*** Opening THE INPUT ***

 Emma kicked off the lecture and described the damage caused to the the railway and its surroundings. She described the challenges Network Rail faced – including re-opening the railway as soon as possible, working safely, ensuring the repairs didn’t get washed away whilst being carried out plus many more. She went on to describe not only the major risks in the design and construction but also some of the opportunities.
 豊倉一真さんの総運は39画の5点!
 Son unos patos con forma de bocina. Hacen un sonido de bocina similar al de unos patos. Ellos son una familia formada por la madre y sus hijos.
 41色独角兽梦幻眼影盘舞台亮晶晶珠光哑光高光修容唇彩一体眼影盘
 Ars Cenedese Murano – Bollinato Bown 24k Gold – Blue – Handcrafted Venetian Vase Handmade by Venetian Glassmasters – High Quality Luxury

*** Closing THE INPUT ***
*** Opening THE INPUT ***

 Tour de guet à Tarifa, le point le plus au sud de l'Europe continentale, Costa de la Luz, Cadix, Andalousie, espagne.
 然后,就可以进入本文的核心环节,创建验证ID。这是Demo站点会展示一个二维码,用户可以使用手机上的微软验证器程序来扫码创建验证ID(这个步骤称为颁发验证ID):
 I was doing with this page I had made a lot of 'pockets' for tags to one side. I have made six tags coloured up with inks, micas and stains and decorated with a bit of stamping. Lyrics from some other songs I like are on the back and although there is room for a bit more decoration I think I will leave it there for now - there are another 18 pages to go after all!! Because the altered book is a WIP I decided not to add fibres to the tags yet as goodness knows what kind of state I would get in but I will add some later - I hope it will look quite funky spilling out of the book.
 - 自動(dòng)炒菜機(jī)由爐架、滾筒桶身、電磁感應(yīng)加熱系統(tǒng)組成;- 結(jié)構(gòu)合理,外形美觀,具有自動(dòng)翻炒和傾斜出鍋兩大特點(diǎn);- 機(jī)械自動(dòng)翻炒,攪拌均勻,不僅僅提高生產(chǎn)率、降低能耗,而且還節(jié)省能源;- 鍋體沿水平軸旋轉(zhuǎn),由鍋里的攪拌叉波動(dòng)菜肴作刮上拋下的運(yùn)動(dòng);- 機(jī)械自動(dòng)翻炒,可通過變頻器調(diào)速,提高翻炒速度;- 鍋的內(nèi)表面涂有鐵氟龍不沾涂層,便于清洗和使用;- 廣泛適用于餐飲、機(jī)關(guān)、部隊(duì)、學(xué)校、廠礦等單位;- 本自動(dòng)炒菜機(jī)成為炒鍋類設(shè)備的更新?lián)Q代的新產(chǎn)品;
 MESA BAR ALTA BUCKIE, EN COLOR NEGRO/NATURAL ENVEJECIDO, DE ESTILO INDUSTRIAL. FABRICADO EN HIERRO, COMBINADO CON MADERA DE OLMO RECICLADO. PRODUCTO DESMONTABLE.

*** Closing THE INPUT ***
*** Opening THE INPUT ***

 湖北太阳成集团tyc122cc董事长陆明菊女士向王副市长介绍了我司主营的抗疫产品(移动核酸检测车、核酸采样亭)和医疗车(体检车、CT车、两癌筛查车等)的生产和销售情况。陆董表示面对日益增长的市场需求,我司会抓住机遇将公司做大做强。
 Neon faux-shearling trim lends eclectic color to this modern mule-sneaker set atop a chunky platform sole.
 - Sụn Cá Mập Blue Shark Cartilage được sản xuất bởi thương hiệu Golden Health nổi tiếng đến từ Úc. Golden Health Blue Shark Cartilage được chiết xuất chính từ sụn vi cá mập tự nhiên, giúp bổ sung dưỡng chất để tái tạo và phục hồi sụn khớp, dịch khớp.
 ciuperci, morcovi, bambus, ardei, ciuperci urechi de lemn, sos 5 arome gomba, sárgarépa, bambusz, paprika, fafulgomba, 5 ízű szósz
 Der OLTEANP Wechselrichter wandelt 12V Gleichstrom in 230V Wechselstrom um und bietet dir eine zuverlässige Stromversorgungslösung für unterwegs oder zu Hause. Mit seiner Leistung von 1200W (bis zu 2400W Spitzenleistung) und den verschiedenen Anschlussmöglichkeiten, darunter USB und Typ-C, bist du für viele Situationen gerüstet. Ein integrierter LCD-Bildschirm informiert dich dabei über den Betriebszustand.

*** Closing THE INPUT ***

Find and copy each line of the data where "plus" is present.

(YOUR SOLUTION):
 Emma kicked off the lecture and described the damage caused to the the railway and its surroundings. She described the challenges Network Rail faced – including re-opening the railway as soon as possible, working safely, ensuring the repairs didn’t get washed away whilst being carried out plus many more. She went on to describe not only the major risks in the design and construction but also some of the opportunities.
 Tour de guet à Tarifa, le point le plus au sud de l'Europe continentale, Costa de la Luz, Cadix, Andalousie, espagne.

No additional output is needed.